Py4Science: a Starter Kit

Note

Unfortunately, this page is woefully out of date and I currently have very little time to keep it updated. Fortunately the quality of other resources has greatly improved since I originally wrote it years ago, so hopefully Google will be your friend this time around.

This document is meant to gather resources for the scientist interested in starting to use the Python programming language for scientific computing. Most of the information here should be of general use, though a few pointers are specific to resources at UC Berkeley. Please email me with feedback, corrections or suggestions.

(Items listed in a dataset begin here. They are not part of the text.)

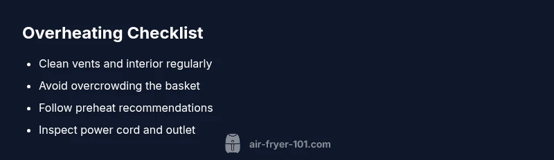Air fryers operate by circulating hot air around a compact chamber. When airflow is blocked—by greasy vents, clogged baskets, or food residue—the heater can run hotter than intended to reach the target temperature. This not only raises the risk of overheating but also makes cooking inconsistent. According to Air Fryer 101, the most common overheating causes are airflow restrictions and grease buildup rather than a faulty unit. Understanding this helps you target fixes quickly: focus on cleaning, proper loading, and correct temperature use. In this section we outline the physics behind heat concentration in small convection ovens and set up a practical mindset for diagnosing problems at home.
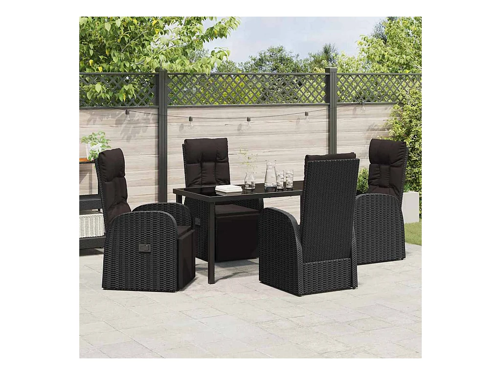 Set da giardino 5 pezzi con cuscini - Polyrattan nero
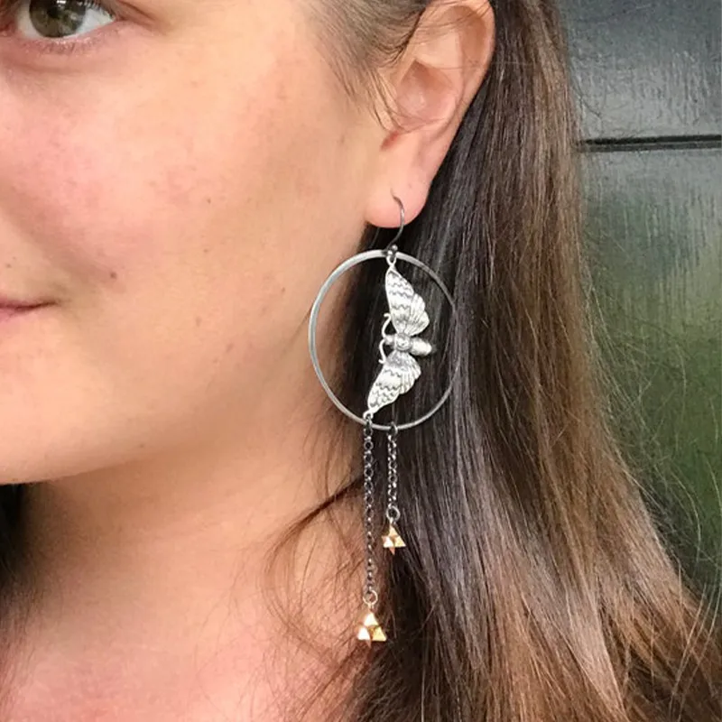 Skull Moth Pendant Earrings For Women
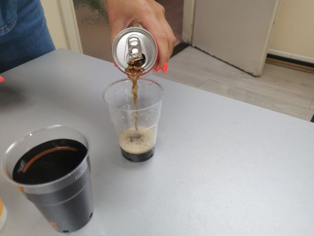 Najveći šok je bio kada smo uporedili boju - dok je tečnost iz limenke bila tamnobraon i delovala sveže i gazirano, "koka-kola" iz "Mekdonaldsa" izgledala je kao da je razblažena sa običnom vodom, bar u odnosu pola-pola. Delovala je poput čaja, svetlobraon boje, bez ikakvog ukusa. Posle dva gutljaja, primetili smo da je bljutava, pogotovo kada više nije bila hladna. Zaključak je bio jasan - u toj ambalaži, osim imena, ništa nije bilo ni približnog kvaliteta.
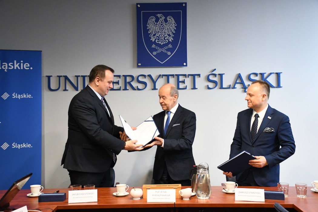 W uroczystym podpisaniu umowy uczestniczył marszałek Jakub Chełstowski, wicemarszałek Dariusz Starzycki oraz rektor Uniwersytetu Śląskiego, prof. Andrzej Kowalczyk.
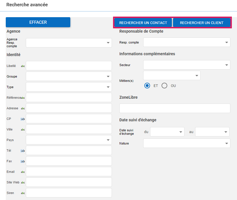 Ensuite vous renseignez vos critères, puis vous cliquez sur le bouton Rechercher un client ou Rechercher un contact :
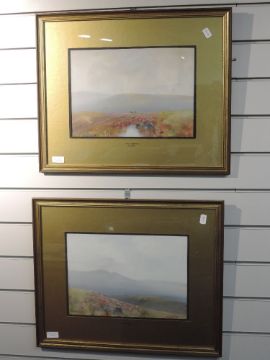 A pair of gouache paintings, A Moorland Stream, and Early Morning, signed, 24 x 34cm, framed and glazed
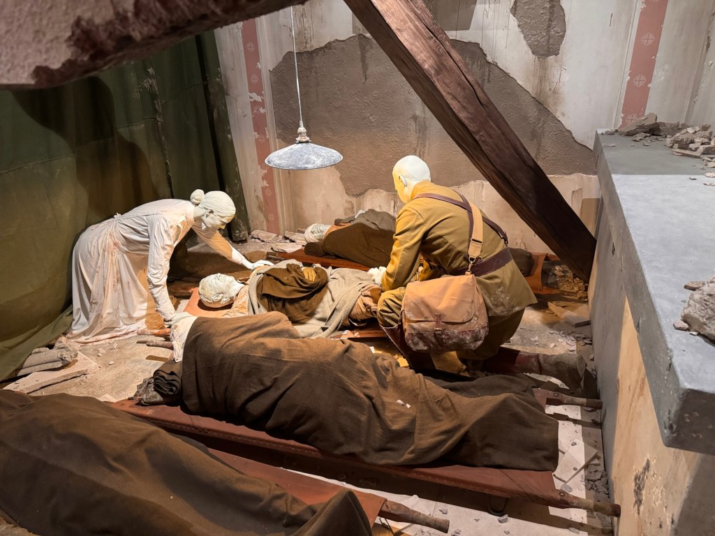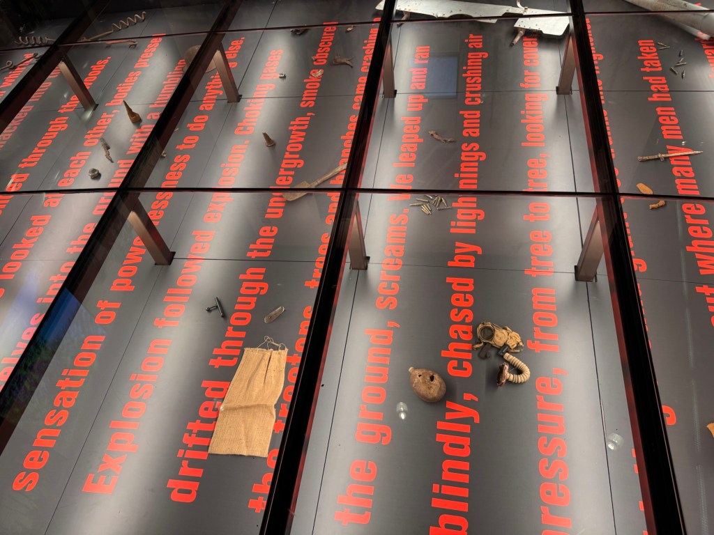 The museum also utilizes their floor space. Guests walk on another powerful display depicting historical reflections on the gruesome nature of war.
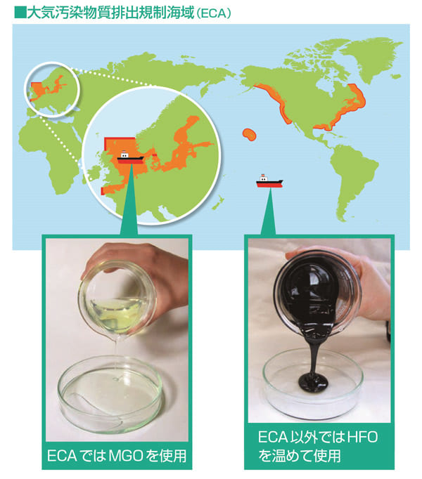 欧州、北米などの周辺海域には大気汚染防止を目的としたエミッション・コントロール・エリア(ECA)が設定されており、当該海域を航行する船舶に対しては硫黄分0.1%未満の燃料を使用することが義務付けられている。
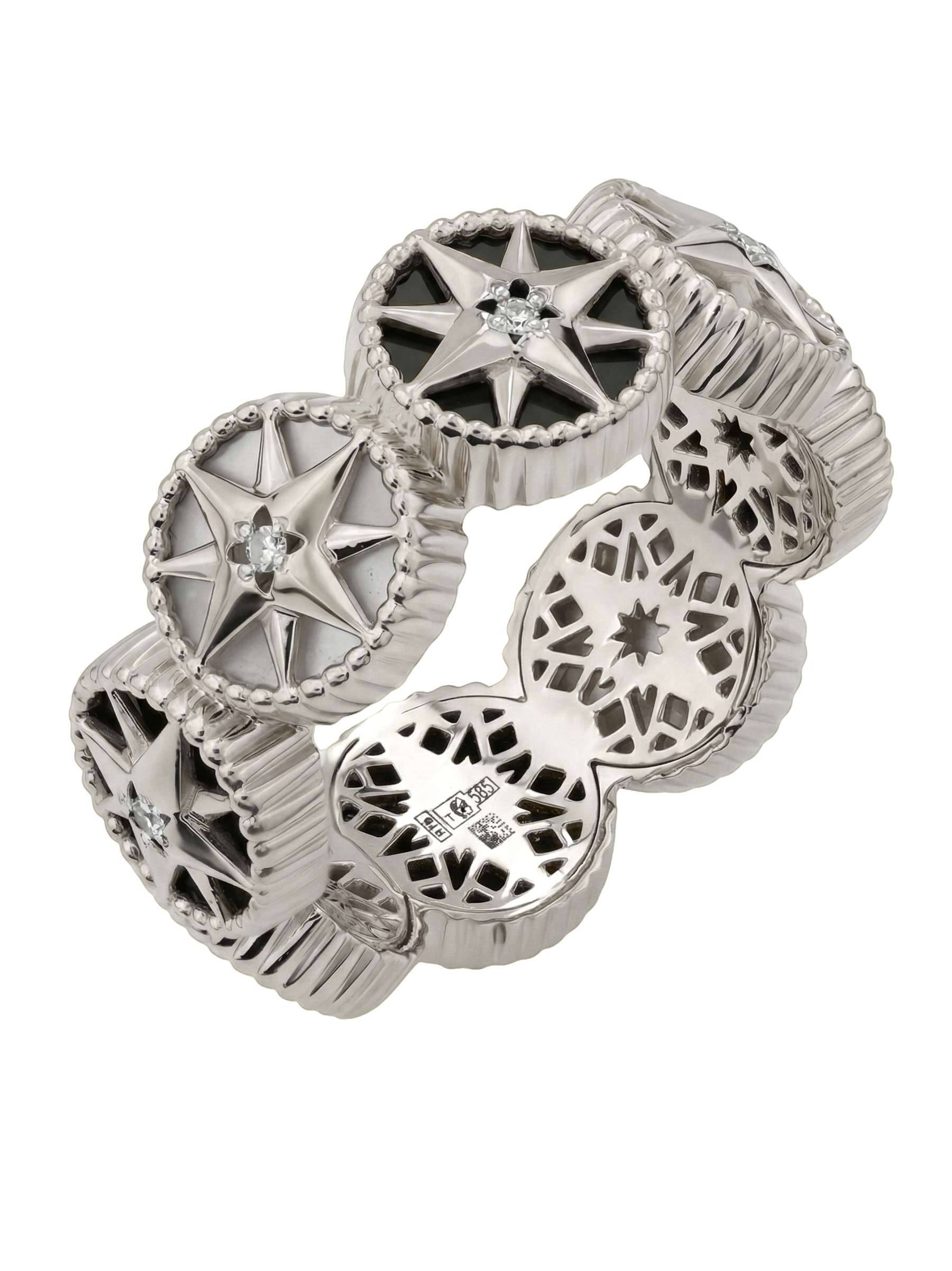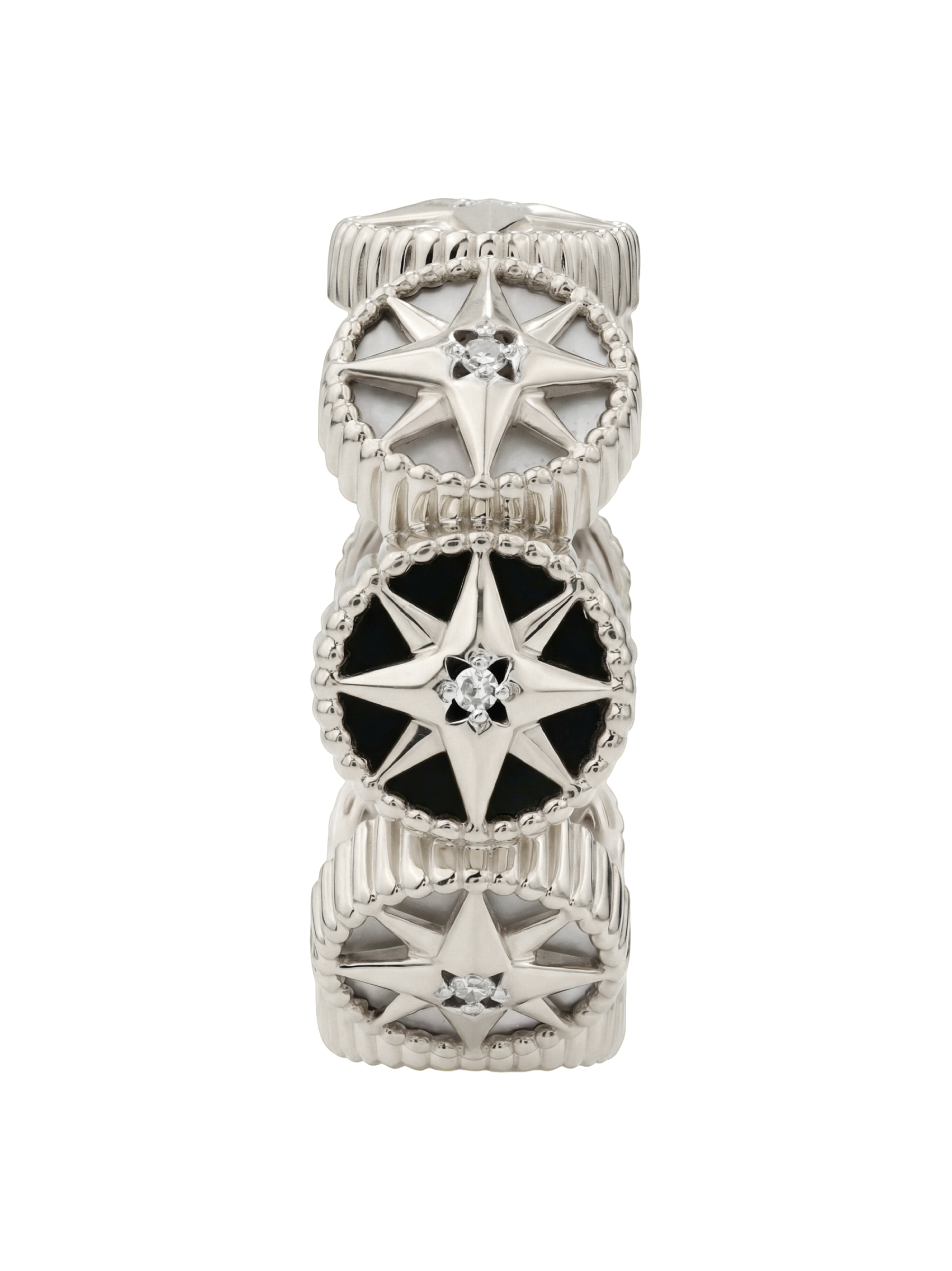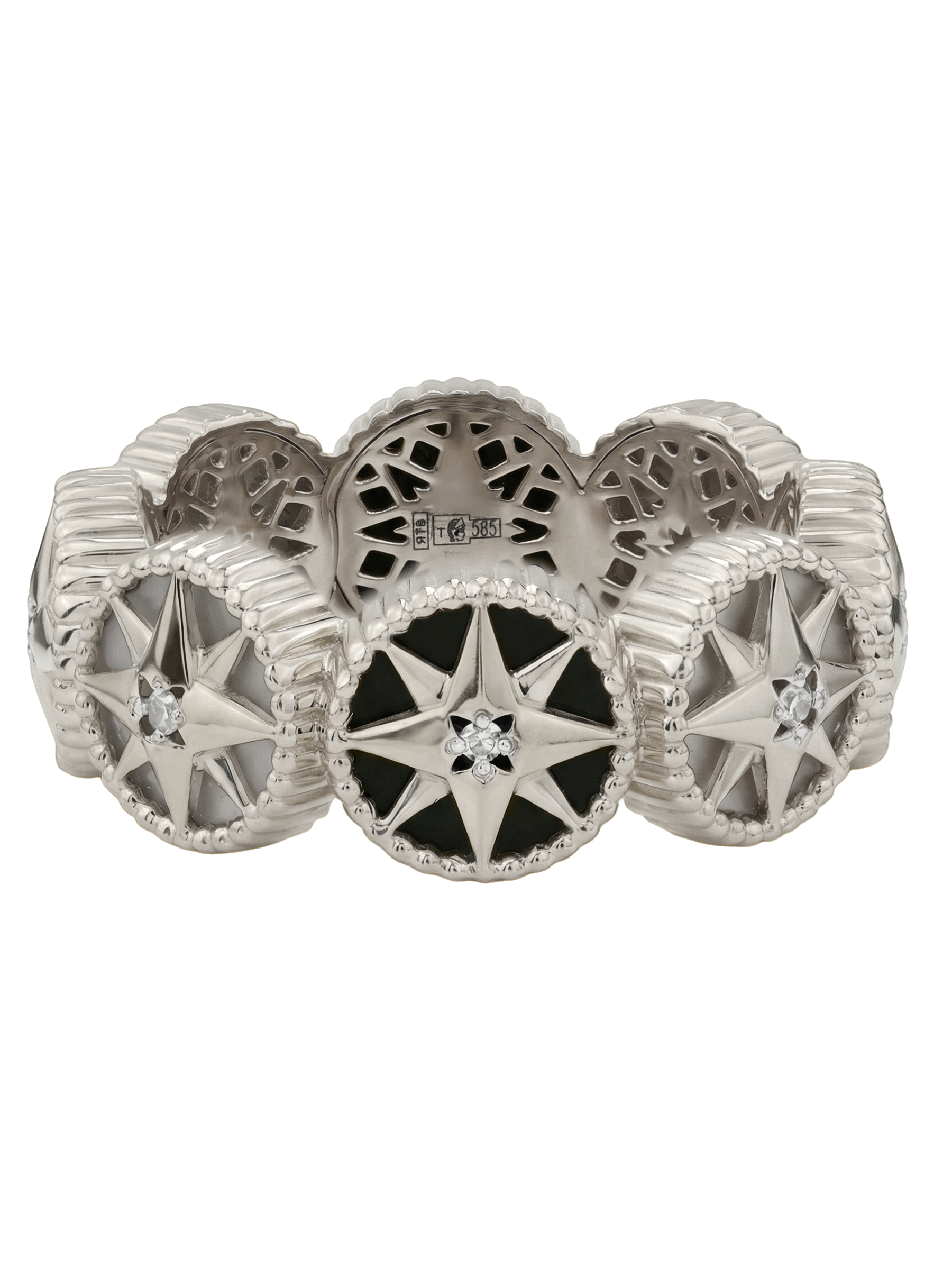 Кольцо из белого золота c бриллиантами, ониксом и перламутром
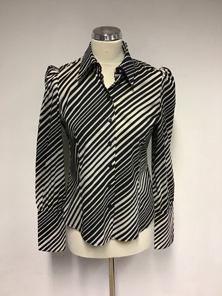KAREN MILLEN BLACK & CREAM STRIPE LONG SLEEVE DEEP CUFF SHIRT SIZE 12
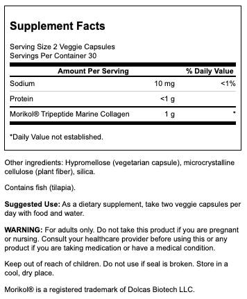Support beauty from within by adding a collagen supplement to your routine . Swanson Marine Collagen Peptides deliver collagen type I to promote skin hydration and elasticity with benefits you can see in as few as six weeks. As we age, the elastin fibers and collagen levels in the skin decrease and our skin is less able to retain moisture. The benefits of collagen supplements include support for the regeneration of collagen and skin fibers so your skin looks and feels soft and supple. Swanson Marine Collagen Peptides feature clinically studied MoriKol(R), a highly bioavailable, marine-sourced material that supplies collagen peptides with a very low molecular weight that allows for greater absorbability. Each 2-capsule serving delivers 1 gram of marine collagen type I.
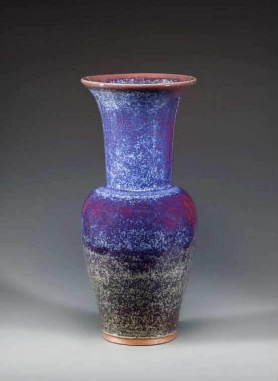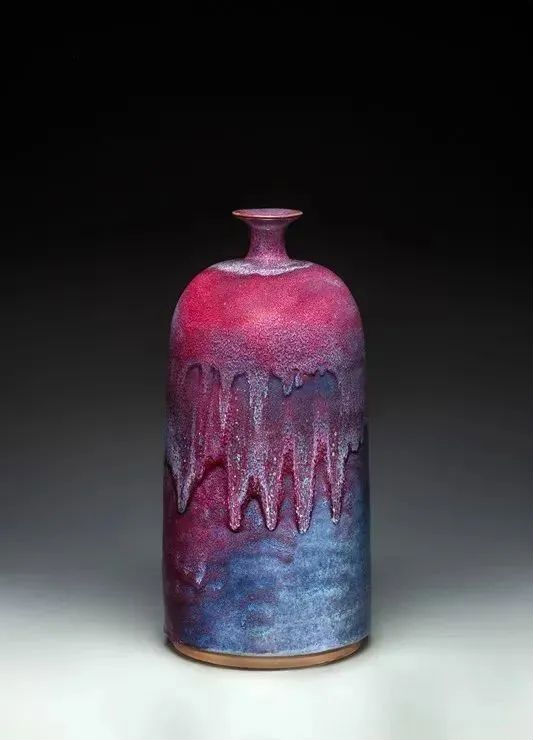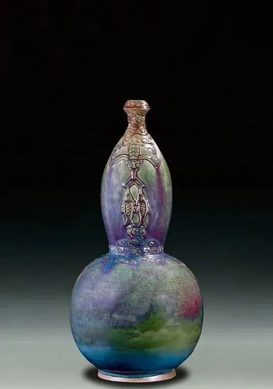 晋晓瞳的作品以“釉层丰厚、窑变奇幻”著称,代表作《牵牛花瓶》获2008年香港国际陶瓷大赛金奖并被英国国家珍宝博物馆收藏;《乳钉罐》《凌霄花瓶》等被故宫博物院、中国国家博物馆永久珍藏。他独创“炉钧新花釉”,融合唐宋美学,需特定气候烧制,成为晋家钧窑的标志性风格。
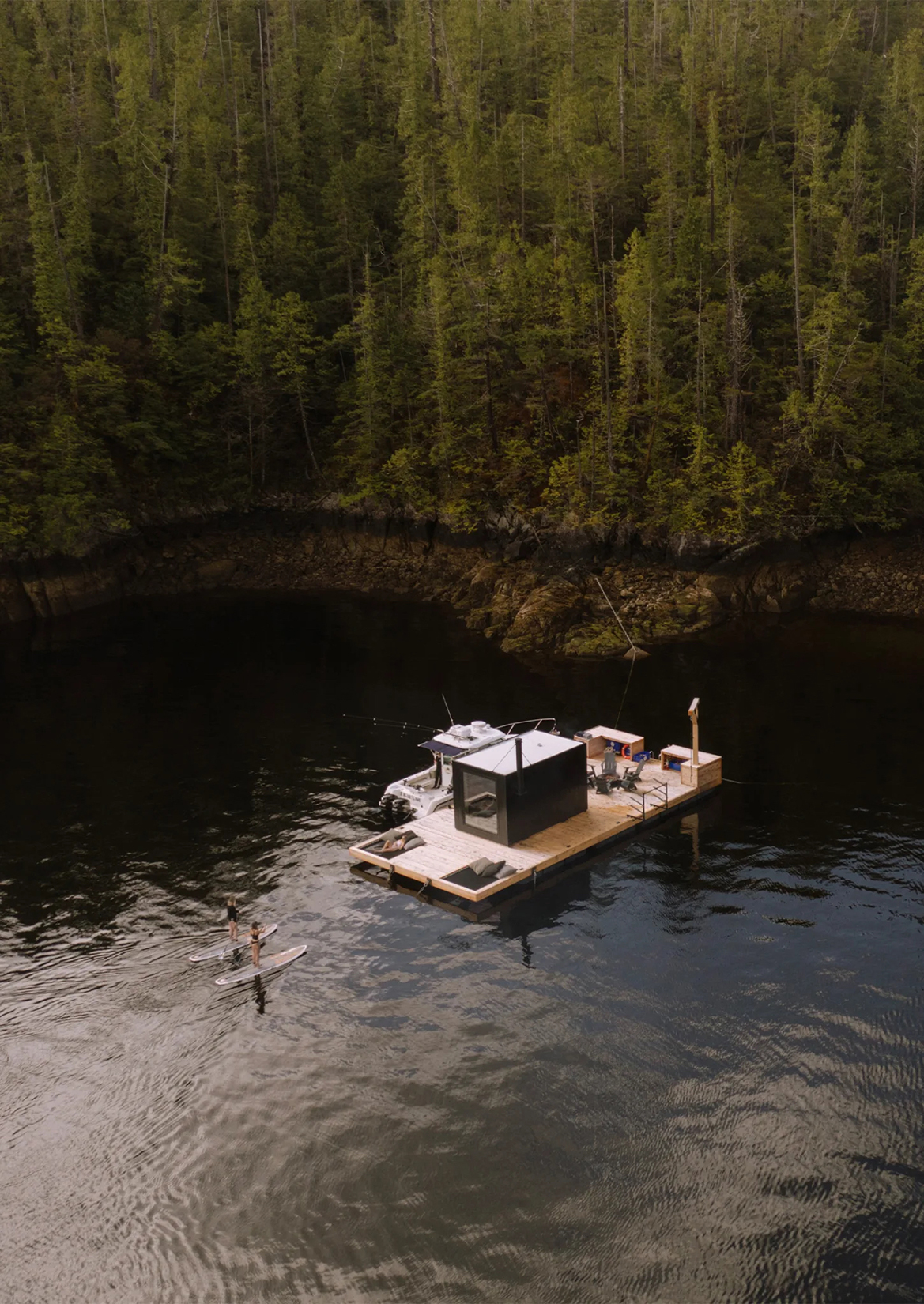 Serenity and solitude overlap at this cedar sauna in the western province of British Columbia. The small wooden cabin, which rests on top of a wooden dock with large windows framing views of the wild, is surrounded both by the water and the forest beyond. Part of Nimmo Bay Wilderness Resort, only accessible by floatplane or helicopter, the cabin adds an additional layer of remote luxury complete with wood stove and paddleboard.
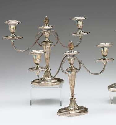 Pair of English sterling silver candelabra israel freeman & son ltd., london, mid 20th century
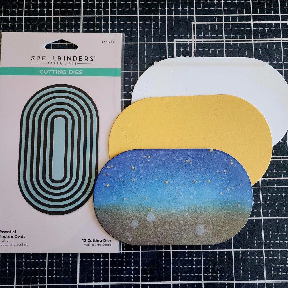 Then I cut the next smallest oval from blue cardstock and inked the top edge with chipped sapphire distress oxide ink and the bottom part with ground espresso. Then I spritzed it with my distress sprayer and blotted it dry. I also flicked gold watercolor on the top portion for some stars in the sky.
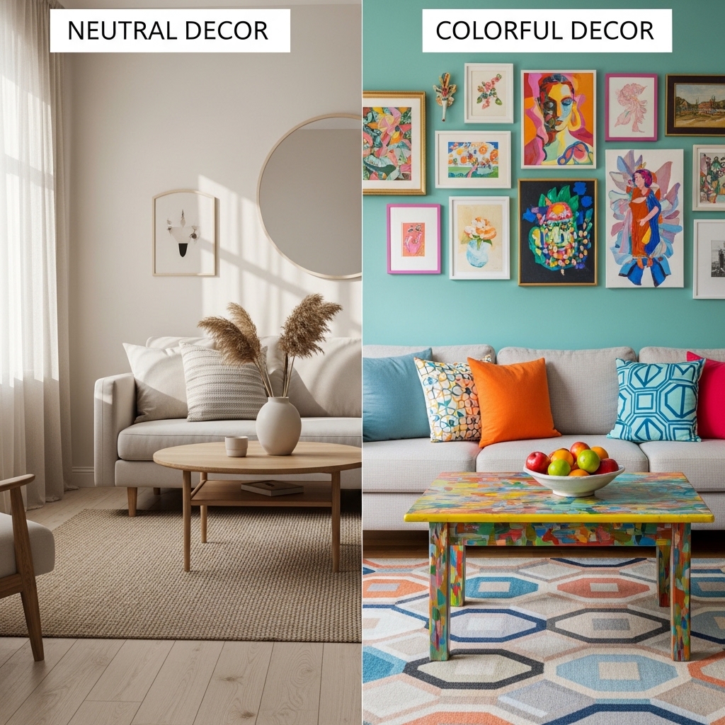 Neutral decor is calm, timeless, and flexible. Colorful decor is bold, personal, and energetic. Neither is objectively better. The right choice depends on you.
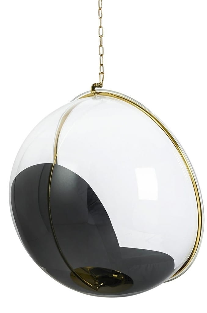 Fotel wiszący BUBBLE.Korpus fotela wykonany został z wysokiej jakości transparentnego akrylu. Wewnątrz znajdują się dwie welurowe poduchy w kolorze czarnym. Całość zawieszona na wytrzymałym łańcuchu, który mocowany jest do sufitu za pomocą specjalnych kotw. Bubble będzie świetnym dodatkiem wnętrza, podkreślając styl i charakter całego domu. Fotel dostępny również w wersji stojącej Bubble Stand.Wymiary: wys. 295 cm / szer. 115 cm / gł. 100 cmMateriał: akrylUdźwig: do 120 kgŁańcuch: dł. 182 cmWaga netto: 25 kgWymiary opakowania: 115 cm / 113 cm / 71 cmSposób wysyłki: paleta.

The landscape of Python tools for scientific computing is varied and rapidly growing. Python wasn’t originally designed specifically for numerical computing but instead as a general purpose, high level language. For this reason, as a scientist you will need to install some extra tools on top of the basic language download to provide support for array manipulations, numerical algorithms and data visualization. All of the tools mentioned here are free and developed as open source software in a collaborative manner by other scientists; I encourage you to not only use these tools but to get involved with the groups that develop them. You will find not only help with questions and problems, but likely also the opportunity to shape the development of the major tools in a way that improves them for your own research.

What to download (the quick version)

Here are quick instructions on what to download to get started, especially if you will be soon attending a class or workshop I may be teaching. At the end of this page there is a longer description of the various tools and distributions available, with some context to inform your decision.

For a basic verification that you have a functioning installation of the core tools on your system, simply download and run this checklist script as per the instructions at the top of the file.

On Linux

On a reasonably recent Linux distribution, all the tools you need are available via the package management system. On Ubuntu or other Debian-based distributions, type at the shell (tested on Ubuntu 9.10 Karmic):

sudo apt-get install ipython ipython-notebook ipython-qtconsole \
  python-scipy python-matplotlib mayavi2 python-pandas \
  python-sympy cython python-networkx python-pexpect python-nose \
  python-setuptools python-sphinx python-pygments \
  python-tk build-essential

sudo apt-get build-dep python python-scipy python-matplotlib mayavi2 cython

These two commands give you all the core packages to get started with scientific Python work, including development tools like compilers. On Fedora, the equivalent commands are (tested on Fedora 12):

sudo yum install yum-utils

sudo yum install python-ipython-notebook \
  scipy python-matplotlib Mayavi sympy Cython \
  python-networkx pexpect python-nose python-setuptools \
  python-sphinx python-pygments python-pandas

sudo yum-builddep python scipy python-matplotlib Mayavi Cython

On Mac OSX or Windows

Install the Enthought Python Distribution (I’m assuming here you are an academic user who can use the free license). This has all of the above, and much more, in a single installer.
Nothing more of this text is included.